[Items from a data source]
__________

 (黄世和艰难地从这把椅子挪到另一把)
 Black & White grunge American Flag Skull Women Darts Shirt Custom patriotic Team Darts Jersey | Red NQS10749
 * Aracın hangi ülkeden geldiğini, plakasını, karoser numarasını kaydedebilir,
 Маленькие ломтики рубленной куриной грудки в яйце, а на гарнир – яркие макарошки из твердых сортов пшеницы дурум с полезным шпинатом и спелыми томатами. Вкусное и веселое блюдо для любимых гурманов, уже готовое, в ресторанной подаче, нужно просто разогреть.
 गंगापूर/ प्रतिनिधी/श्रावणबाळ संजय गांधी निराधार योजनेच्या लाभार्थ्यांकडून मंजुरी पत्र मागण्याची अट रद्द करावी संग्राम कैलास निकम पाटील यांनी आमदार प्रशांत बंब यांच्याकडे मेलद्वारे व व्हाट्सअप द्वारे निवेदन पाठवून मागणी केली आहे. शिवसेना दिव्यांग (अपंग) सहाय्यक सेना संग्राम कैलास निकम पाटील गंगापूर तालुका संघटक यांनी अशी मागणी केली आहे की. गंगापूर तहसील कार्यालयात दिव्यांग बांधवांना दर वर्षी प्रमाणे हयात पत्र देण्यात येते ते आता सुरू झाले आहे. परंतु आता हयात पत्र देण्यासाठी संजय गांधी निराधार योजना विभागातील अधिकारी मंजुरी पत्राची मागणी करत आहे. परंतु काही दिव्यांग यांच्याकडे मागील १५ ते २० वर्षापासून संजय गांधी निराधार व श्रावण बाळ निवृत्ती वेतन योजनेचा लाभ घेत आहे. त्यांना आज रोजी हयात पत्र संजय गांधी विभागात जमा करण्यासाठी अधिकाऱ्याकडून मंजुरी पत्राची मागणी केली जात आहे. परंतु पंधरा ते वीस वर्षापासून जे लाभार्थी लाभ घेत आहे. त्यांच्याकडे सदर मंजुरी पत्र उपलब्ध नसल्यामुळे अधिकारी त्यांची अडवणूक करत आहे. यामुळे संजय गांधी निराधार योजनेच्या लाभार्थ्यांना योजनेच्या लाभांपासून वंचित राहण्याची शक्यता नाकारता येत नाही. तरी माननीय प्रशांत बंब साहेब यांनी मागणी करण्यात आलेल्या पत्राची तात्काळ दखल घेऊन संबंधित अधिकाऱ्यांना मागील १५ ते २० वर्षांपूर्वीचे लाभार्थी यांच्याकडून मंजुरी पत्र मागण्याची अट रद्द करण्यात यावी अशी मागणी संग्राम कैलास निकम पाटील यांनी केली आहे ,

__________

The lines from the one containing "Aracın hangi ülkeden" through the last line of the records are the answer; set them down exactly and add nothing.

 * Aracın hangi ülkeden geldiğini, plakasını, karoser numarasını kaydedebilir,
 Маленькие ломтики рубленной куриной грудки в яйце, а на гарнир – яркие макарошки из твердых сортов пшеницы дурум с полезным шпинатом и спелыми томатами. Вкусное и веселое блюдо для любимых гурманов, уже готовое, в ресторанной подаче, нужно просто разогреть.
 गंगापूर/ प्रतिनिधी/श्रावणबाळ संजय गांधी निराधार योजनेच्या लाभार्थ्यांकडून मंजुरी पत्र मागण्याची अट रद्द करावी संग्राम कैलास निकम पाटील यांनी आमदार प्रशांत बंब यांच्याकडे मेलद्वारे व व्हाट्सअप द्वारे निवेदन पाठवून मागणी केली आहे. शिवसेना दिव्यांग (अपंग) सहाय्यक सेना संग्राम कैलास निकम पाटील गंगापूर तालुका संघटक यांनी अशी मागणी केली आहे की. गंगापूर तहसील कार्यालयात दिव्यांग बांधवांना दर वर्षी प्रमाणे हयात पत्र देण्यात येते ते आता सुरू झाले आहे. परंतु आता हयात पत्र देण्यासाठी संजय गांधी निराधार योजना विभागातील अधिकारी मंजुरी पत्राची मागणी करत आहे. परंतु काही दिव्यांग यांच्याकडे मागील १५ ते २० वर्षापासून संजय गांधी निराधार व श्रावण बाळ निवृत्ती वेतन योजनेचा लाभ घेत आहे. त्यांना आज रोजी हयात पत्र संजय गांधी विभागात जमा करण्यासाठी अधिकाऱ्याकडून मंजुरी पत्राची मागणी केली जात आहे. परंतु पंधरा ते वीस वर्षापासून जे लाभार्थी लाभ घेत आहे. त्यांच्याकडे सदर मंजुरी पत्र उपलब्ध नसल्यामुळे अधिकारी त्यांची अडवणूक करत आहे. यामुळे संजय गांधी निराधार योजनेच्या लाभार्थ्यांना योजनेच्या लाभांपासून वंचित राहण्याची शक्यता नाकारता येत नाही. तरी माननीय प्रशांत बंब साहेब यांनी मागणी करण्यात आलेल्या पत्राची तात्काळ दखल घेऊन संबंधित अधिकाऱ्यांना मागील १५ ते २० वर्षांपूर्वीचे लाभार्थी यांच्याकडून मंजुरी पत्र मागण्याची अट रद्द करण्यात यावी अशी मागणी संग्राम कैलास निकम पाटील यांनी केली आहे ,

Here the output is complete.